核心概念
The Holmes framework enables efficient distributed training of large language models across GPU clusters with heterogeneous network interface cards, outperforming existing frameworks in the heterogeneous NIC environment.
摘要
The paper introduces the Holmes framework, which is designed to enable efficient distributed training of large language models (LLMs) across GPU clusters with heterogeneous network interface cards (NICs).
Key highlights:
- LLM training often requires extensive GPU resources (tens of thousands of GPUs) and can be very costly. Existing training frameworks focus on optimizing training within homogeneous GPU clusters with high-speed RDMA interconnects.
- The Holmes framework addresses the challenge of training LLMs in heterogeneous NIC environments, where GPU clusters may have different types of NICs (InfiniBand, RoCE, Ethernet) that are not compatible with each other.
- Holmes employs a novel scheduling method that intelligently allocates computational tasklets to GPU devices based on the characteristics of their connected NICs, maximizing training efficiency.

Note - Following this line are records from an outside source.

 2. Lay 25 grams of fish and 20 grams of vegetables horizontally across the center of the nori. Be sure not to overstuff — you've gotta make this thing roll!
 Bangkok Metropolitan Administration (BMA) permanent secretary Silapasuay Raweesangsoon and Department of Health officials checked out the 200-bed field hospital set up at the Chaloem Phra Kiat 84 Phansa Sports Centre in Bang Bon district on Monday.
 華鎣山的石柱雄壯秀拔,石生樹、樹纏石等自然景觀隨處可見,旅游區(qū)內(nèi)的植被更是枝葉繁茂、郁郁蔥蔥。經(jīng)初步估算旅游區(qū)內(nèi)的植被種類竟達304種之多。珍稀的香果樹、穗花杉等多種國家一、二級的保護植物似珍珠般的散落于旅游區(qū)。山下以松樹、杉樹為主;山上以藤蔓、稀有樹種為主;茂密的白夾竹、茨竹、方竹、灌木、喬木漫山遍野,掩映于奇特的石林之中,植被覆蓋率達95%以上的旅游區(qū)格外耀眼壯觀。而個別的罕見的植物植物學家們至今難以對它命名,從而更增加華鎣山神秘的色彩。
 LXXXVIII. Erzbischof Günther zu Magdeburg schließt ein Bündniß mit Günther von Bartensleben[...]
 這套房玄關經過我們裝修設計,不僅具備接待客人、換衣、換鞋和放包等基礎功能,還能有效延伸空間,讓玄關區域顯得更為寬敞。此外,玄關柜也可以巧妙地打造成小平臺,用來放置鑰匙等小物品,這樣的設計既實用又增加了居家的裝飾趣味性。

- Holmes also introduces cross-cluster pipeline parallelism and self-adapting pipeline partition strategies to further optimize training in the heterogeneous NIC environment.

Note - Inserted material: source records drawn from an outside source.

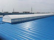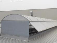 圆拱型侧开式天窗,以采光为主,同时侧窗扇开启可达到通风排烟功能,窗体上部为圆弧形,有利于排水和积雪滑落。窗扇设计高度和开启角度不同,有效通风面积不同。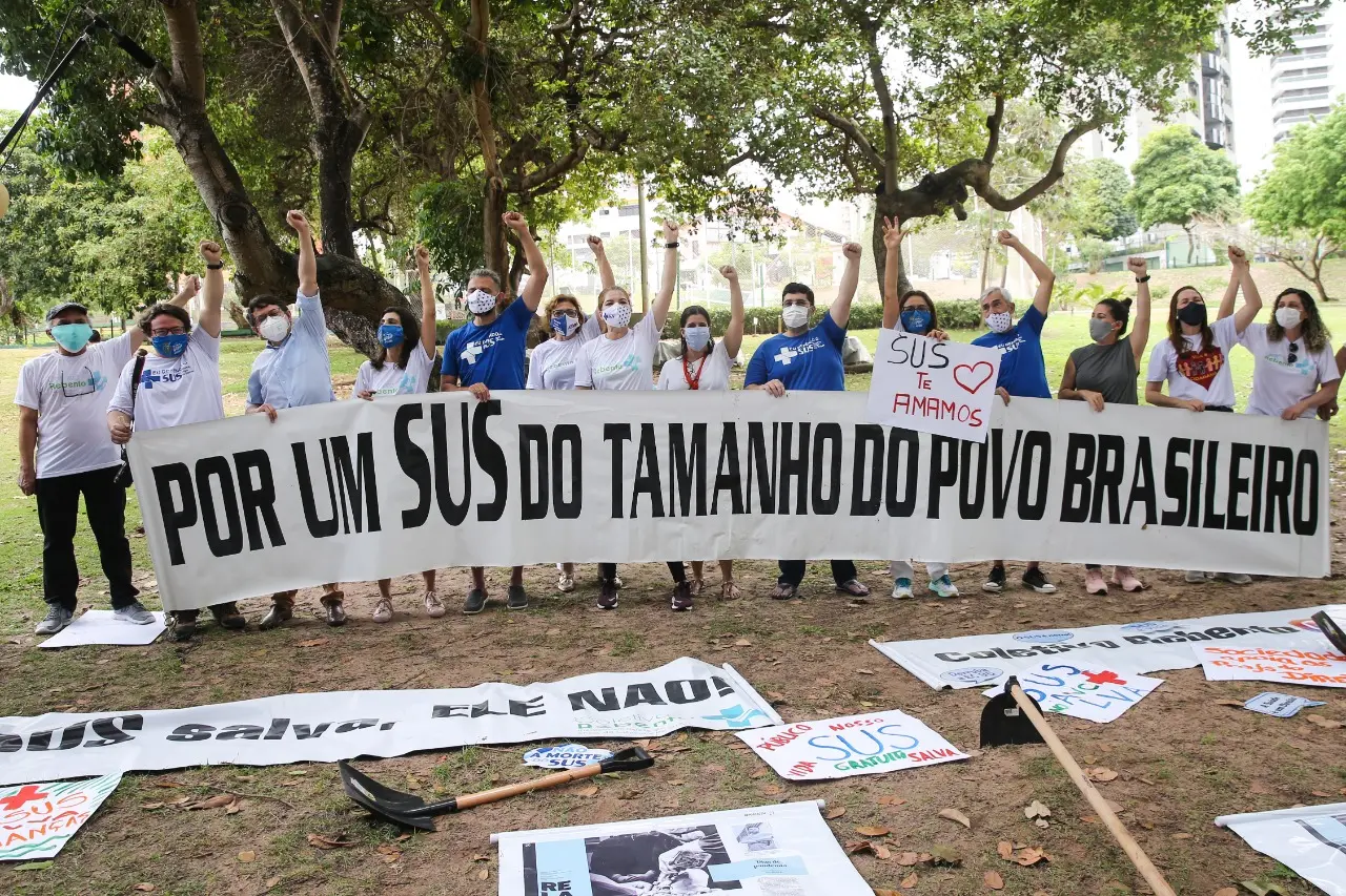 Um grupo de profissionais da Medicina que formam o Coletivo Rebento se reuniram no Parque do Cocó, em Fortaleza, para cobrar mais investimentos no Sistema Único de Saúde (SUS), que completa 30 anos neste sábado (19). Foram plantadas mudas de árvores e confeccionados faixas e cartazes em defesa do SUS.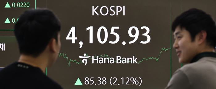 22일 코스피는 전 거래일보다 85.38포인트(pㆍ2.12%) 오른 4105.93에 장을 마감했다. 지수는 4096.26으로 출발해 상승세를 이어갔다. 코스피가 종가 기준 4100선을 넘어선 것은 지난 12일(4167.16) 이후 6거래일 만이다.

- Comprehensive experiments show that Holmes consistently achieves performance close to that of homogeneous RDMA-capable networks, significantly outperforming training efficiency in pure Ethernet environments.

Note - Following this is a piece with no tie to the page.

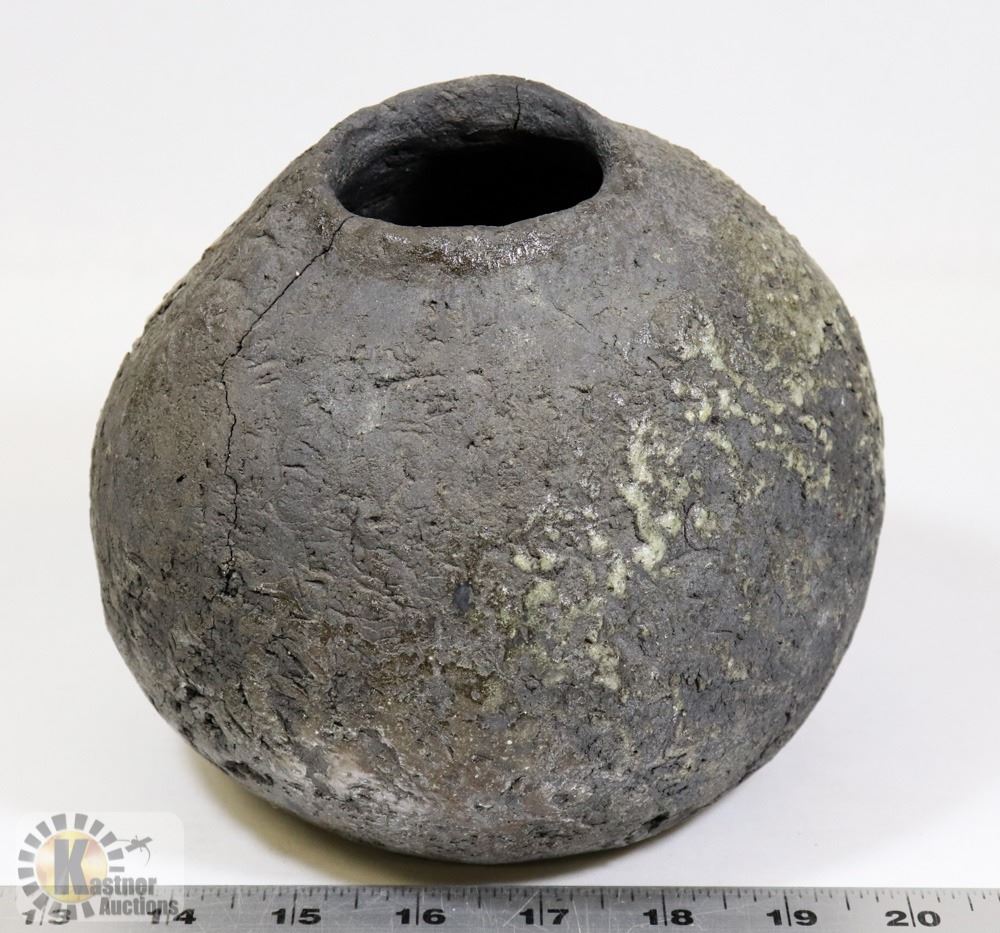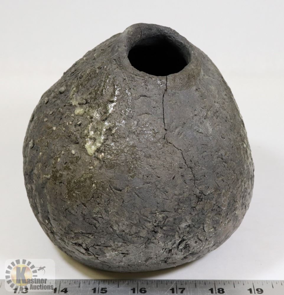 67) PRIMITIVE POT TEXTURED GLAZE, CRACKS FROM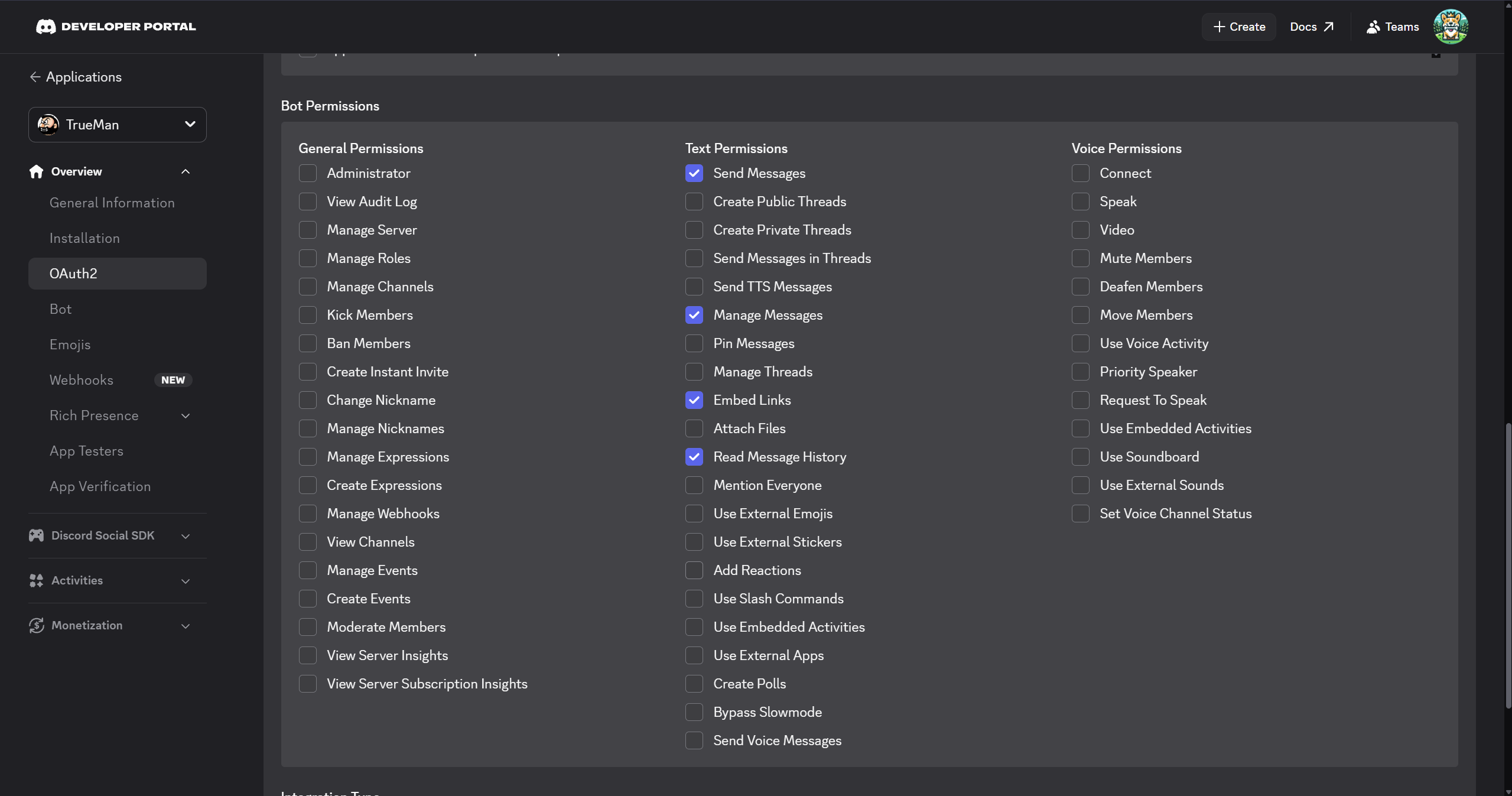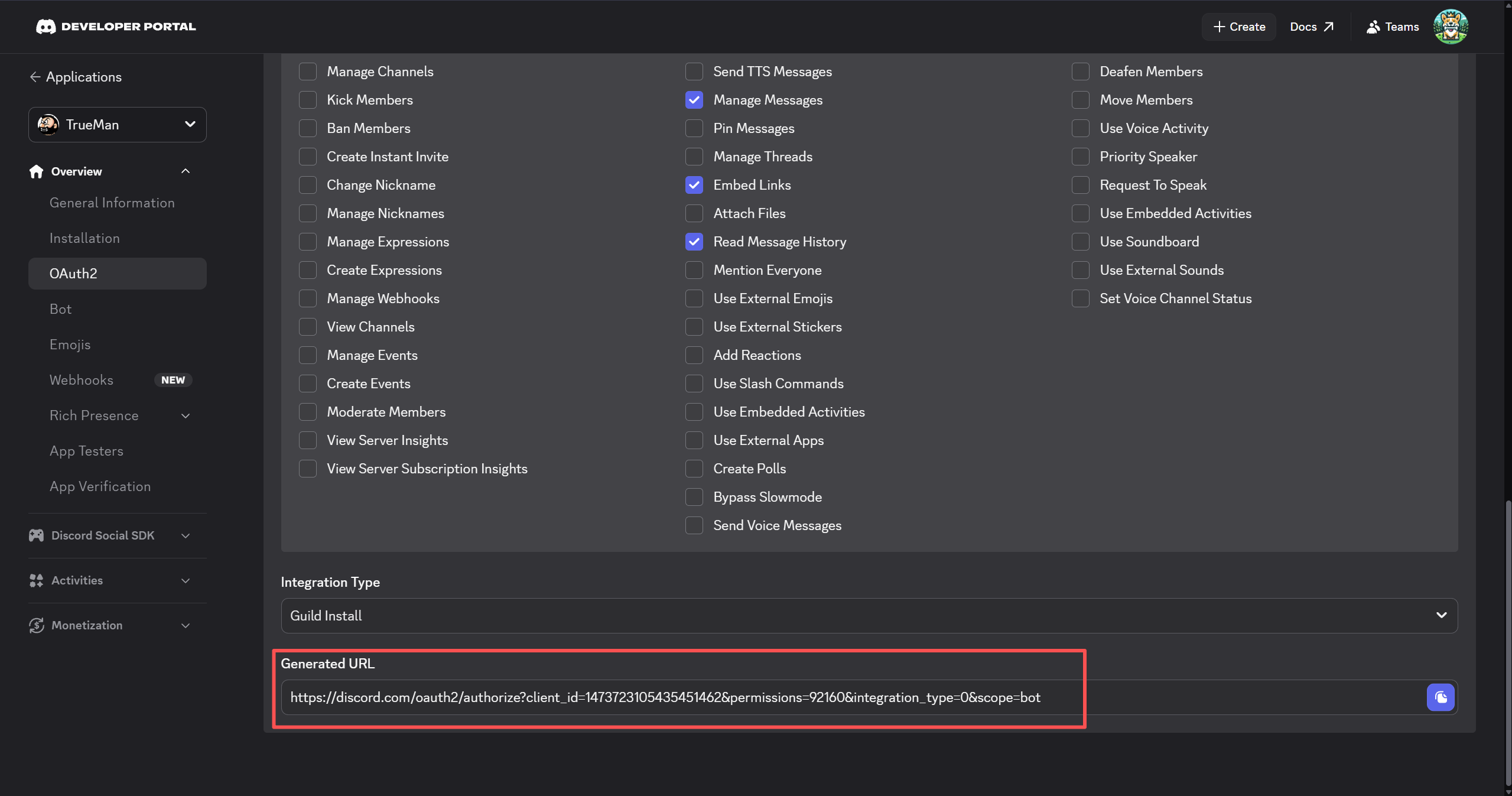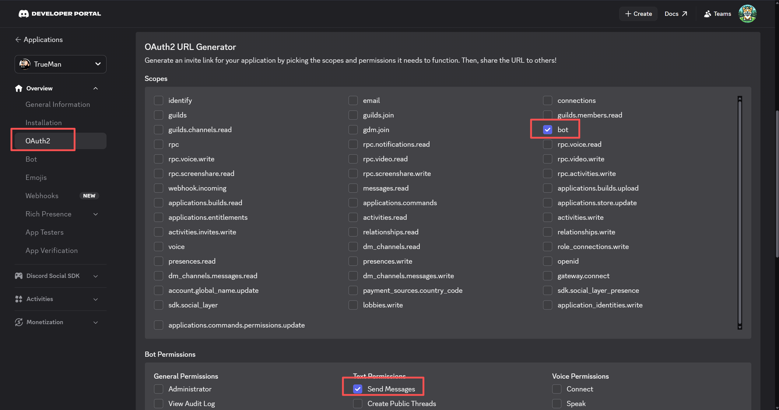 在 “Scopes” 部分,勾选 “bot”。

- Holmes seamlessly integrates with other mainstream LLM training frameworks like Megatron-LM and Megatron-DeepSpeed.
統計資料
Training a GPT model with 3.6 billion parameters on 4 nodes, the TFLOPS achieved are 197 for InfiniBand, 160 for RoCE, and 122 for Ethernet.
Training the same GPT model on 8 nodes, the TFLOPS achieved are 148 for InfiniBand, 145 for RoCE, and 83 for Ethernet.
The time cost of the grads-reduce-scatter operation, a critical step in data parallelism, is significantly lower in the homogeneous InfiniBand environment compared to the heterogeneous Ethernet environment.
引述
"Holmes consistently achieves performance levels close to those achievable with homogeneous RDMA-capable networks, significantly exceeding training efficiency within the pure Ethernet environment."
"Holmes seamlessly integrates with other mainstream LLM training frameworks such as Megatron-LM and Megatron-DeepSpeed."